With Qdrant, you can set conditions when searching or retrieving points. For example, you can impose conditions on both the payload and the id of the point.

Setting additional conditions is important when it is impossible to express all the features of the object in the embedding. Examples include a variety of business requirements: stock availability, user location, or desired price range.

Filtering clauses

Qdrant allows you to combine conditions in clauses. Clauses are different logical operations, such as OR, AND, and NOT. Clauses can be recursively nested into each other so that you can reproduce an arbitrary boolean expression.

Let’s take a look at the clauses implemented in Qdrant.

Suppose we have a set of points with the following payload:

[
  { "id": 1, "city": "London", "color": "green" },
  { "id": 2, "city": "London", "color": "red" },
  { "id": 3, "city": "London", "color": "blue" },
  { "id": 4, "city": "Berlin", "color": "red" },
  { "id": 5, "city": "Moscow", "color": "green" },
  { "id": 6, "city": "Moscow", "color": "blue" }
]

Must

Example:

POST /collections/{collection_name}/points/scroll

{
    "filter": {
        "must": [
            { "key": "city", "match": { "value": "London" } },
            { "key": "color", "match": { "value": "red" } }
        ]
    }
  ...
}
from qdrant_client import QdrantClient
from qdrant_client.http import models

client = QdrantClient(host="localhost", port=6333)

client.scroll(
    collection_name="{collection_name}",
    scroll_filter=models.Filter(
        must=[
            models.FieldCondition(
                key="city",
                match=models.MatchValue(value="London"),
            ),
            models.FieldCondition(
                key="color",
                match=models.MatchValue(value="red"),
            ),
        ]
    ),
)

Filtered points would be:

[{ "id": 2, "city": "London", "color": "red" }]
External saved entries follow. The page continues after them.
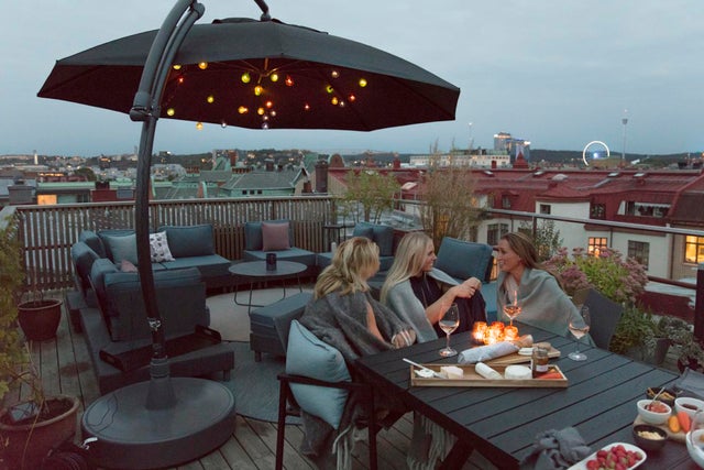 Easy sun är ett maffigt frihängande parasoll med en diameter på 3,75 m. Stativet är av aluminium och kapellet av tålig olefin med vindlucka. Fälls enkelt upp och ned med hjälp av en vev. Foten fylls med sand och/eller vatten för stabilitet.
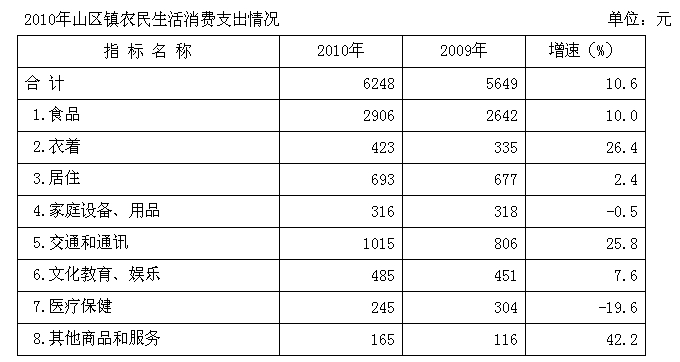 ㈡ 山區農民生活消費快速增長,但增速低于全市平均水平。2010年,山區鎮農村住戶農民人均生活消費支出6248元,比2009年增加599元,同比增長10.6%;比全市農民人均消費增速低5.5個百分點。在生活消費各類支出中,比2009年增長的有:食品消費支出增長10.0%,衣著消費支出增長26.4%,居住消費支出增長2.4%,交通和通訊消費支出增長25.8%,文化教育、娛樂消費支出增長7.6%,其他商品和服務消費支出增長42.2%;比2009年下降的有:醫療保健消費支出下降19.6%,家庭設備、用品消費支出下降0.5%(見下表)。
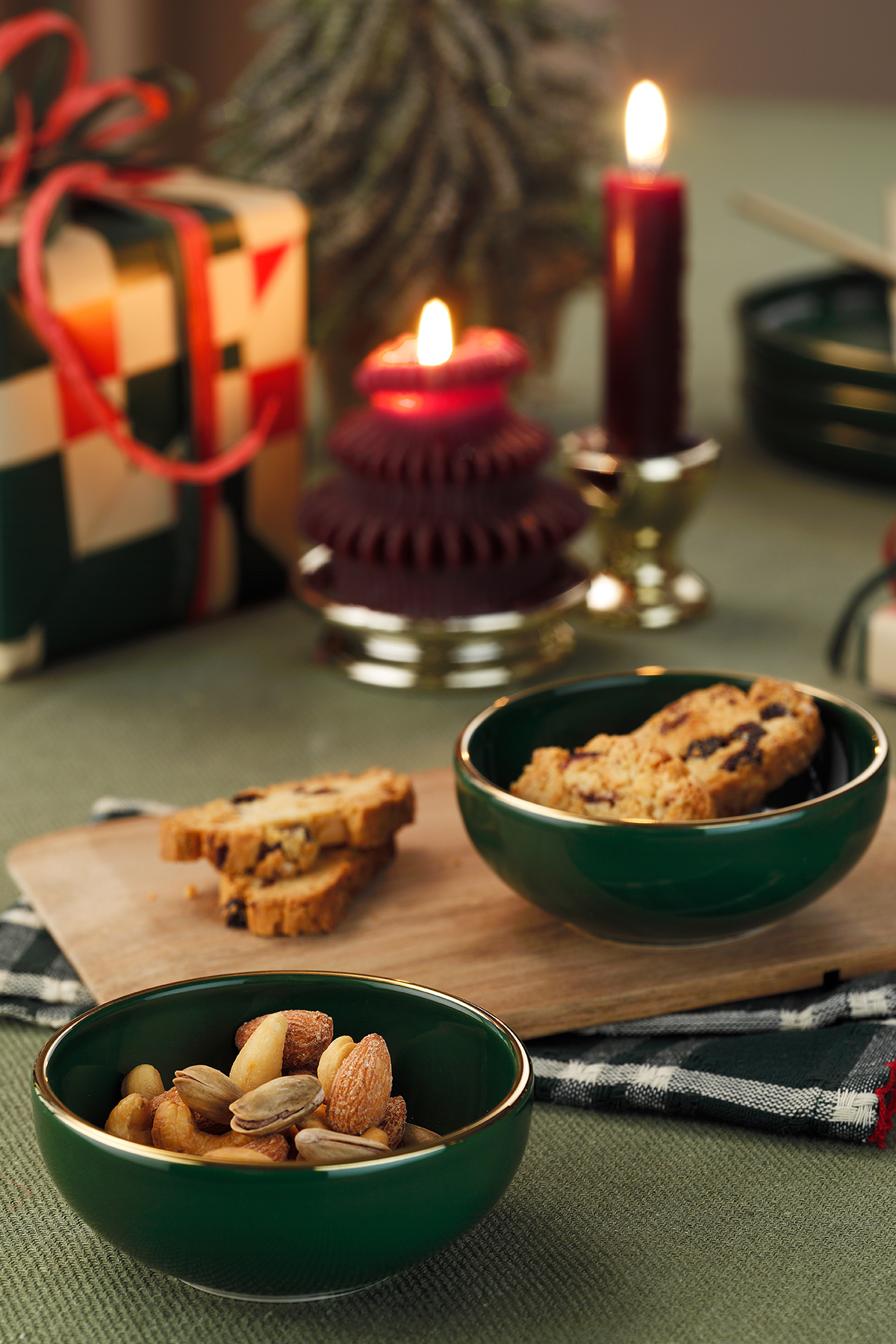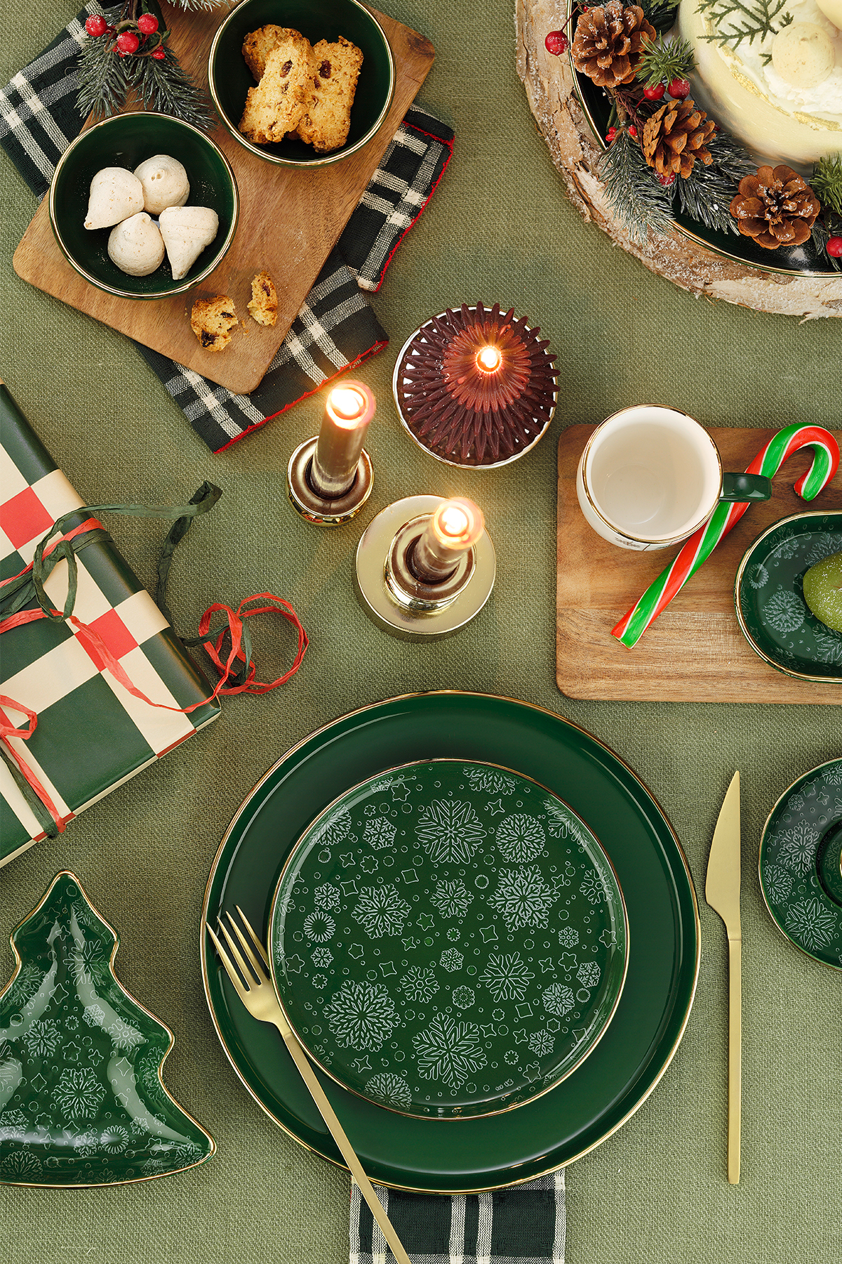 | Yılbaşı koleksiyonumuz Holyday Holyday’in renk paleti klasik yılbaşı ruhunu çağırırken modern bir sakinlik taşıyor: Derin Yeşil: Çam ağaçlarının huzuru; doğayı ve sürekliliği simgeliyor. Kırmızı: Kutlamanın kalbi; sıcaklık, canlılık ve neşeyi sofraya taşıyor. Altın İnce Çerçeve: Işığın sofradaki karşılığı. Sade formlara zarif bir “özel gün” dokunuşu ekliyor. Bu üçlü, hem nostaljik hem çağdaş bir tat yaratıyor: “her yıl aynı heyecanla kurulan ama her seferinde yeni anılarla dolan” sofralar gibi. |
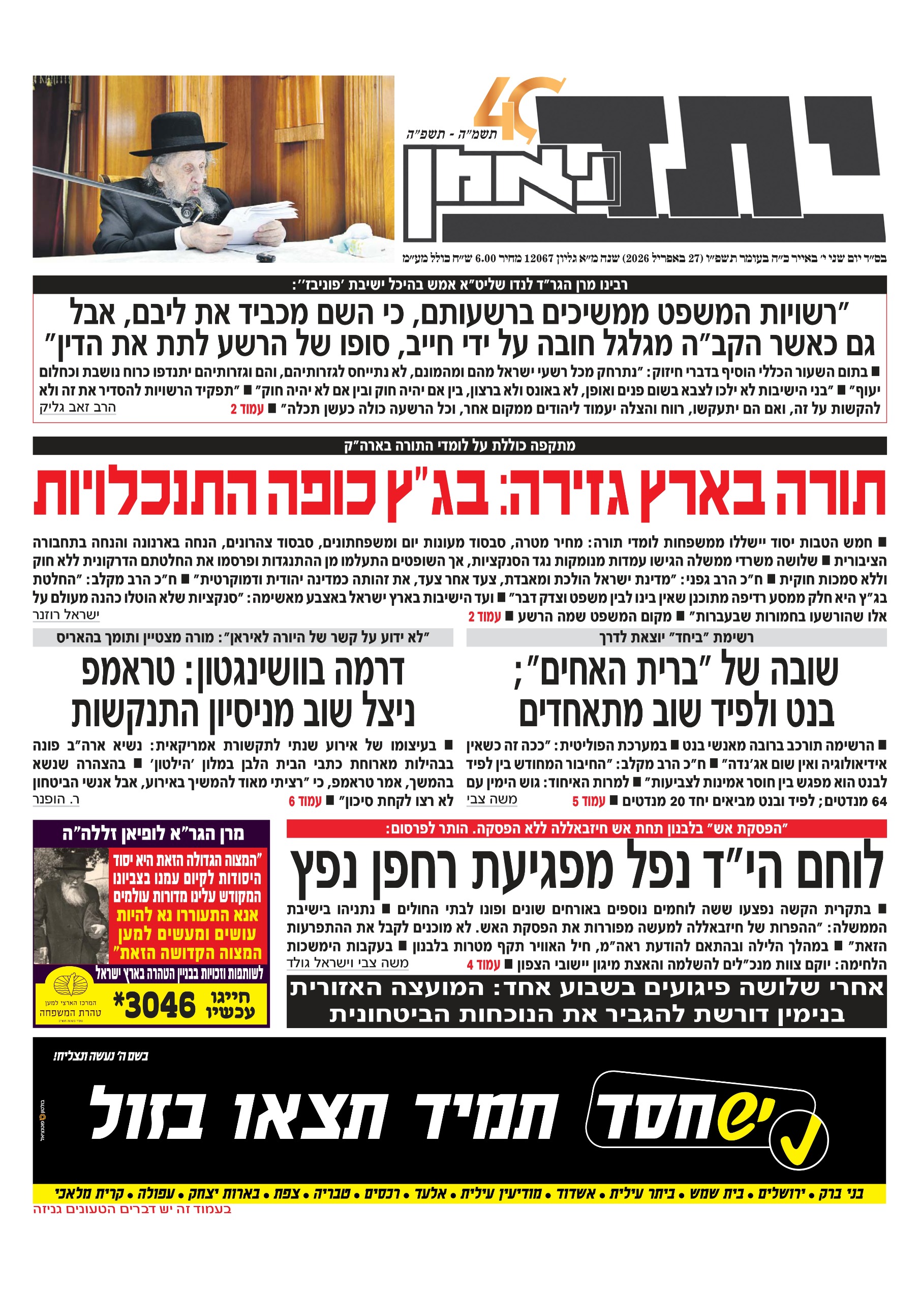 ד׳ אייר תשפ״ו 21.04.26 | 01:06

When using must, the clause becomes true only if every condition listed inside must is satisfied. In this sense, must is equivalent to the operator AND.

Should

Example:

POST /collections/{collection_name}/points/scroll

{
    "filter": {
        "should": [
            { "key": "city", "match": { "value": "London" } },
            { "key": "color", "match": { "value": "red" } }
        ]
    }
  ...
}
client.scroll(
    collection_name="{collection_name}",
    scroll_filter=models.Filter(
        should=[
            models.FieldCondition(
                key="city",
                match=models.MatchValue(value="London"),
            ),
            models.FieldCondition(
                key="color",
                match=models.MatchValue(value="red"),
            ),
        ]
    ),
)

Filtered points would be:

[
  { "id": 1, "city": "London", "color": "green" },
  { "id": 2, "city": "London", "color": "red" },
  { "id": 3, "city": "London", "color": "blue" },
  { "id": 4, "city": "Berlin", "color": "red" }
]

When using should, the clause becomes true if at least one condition listed inside should is satisfied. In this sense, should is equivalent to the operator OR.

Must Not

Example:

POST /collections/{collection_name}/points/scroll

{
    "filter": {
        "must_not": [
            { "key": "city", "match": { "value": "London" } },
            { "key": "color", "match": { "value": "red" } }
        ]
    }
  ...
}
client.scroll(
    collection_name="{collection_name}",
    scroll_filter=models.Filter(
        must_not=[
            models.FieldCondition(
                key="city",
                match=models.MatchValue(value="London")
            ),
            models.FieldCondition(
                key="color",
                match=models.MatchValue(value="red")
            ),
        ]
    ),
)

Filtered points would be:

[
  { "id": 5, "city": "Moscow", "color": "green" },
  { "id": 6, "city": "Moscow", "color": "blue" }
]

When using must_not, the clause becomes true if none if the conditions listed inside should is satisfied. In this sense, must_not is equivalent to the expression (NOT A) AND (NOT B) AND (NOT C).

Clauses combination

It is also possible to use several clauses simultaneously:

POST /collections/{collection_name}/points/scroll

{
    "filter": {
        "must": [
            { "key": "city", "match": { "value": "London" } }
        ],
        "must_not": [
            { "key": "color", "match": { "value": "red" } }
        ]
    }
  ...
}
client.scroll(
    collection_name="{collection_name}",
    scroll_filter=models.Filter(
        must=[
            models.FieldCondition(
                key="city",
                match=models.MatchValue(value="London")
            ),
        ],
        must_not=[
            models.FieldCondition(
                key="color",
                match=models.MatchValue(value="red")
            ),
        ],
    ),
)

Filtered points would be:

[
  { "id": 1, "city": "London", "color": "green" },
  { "id": 3, "city": "London", "color": "blue" }
]

In this case, the conditions are combined by AND.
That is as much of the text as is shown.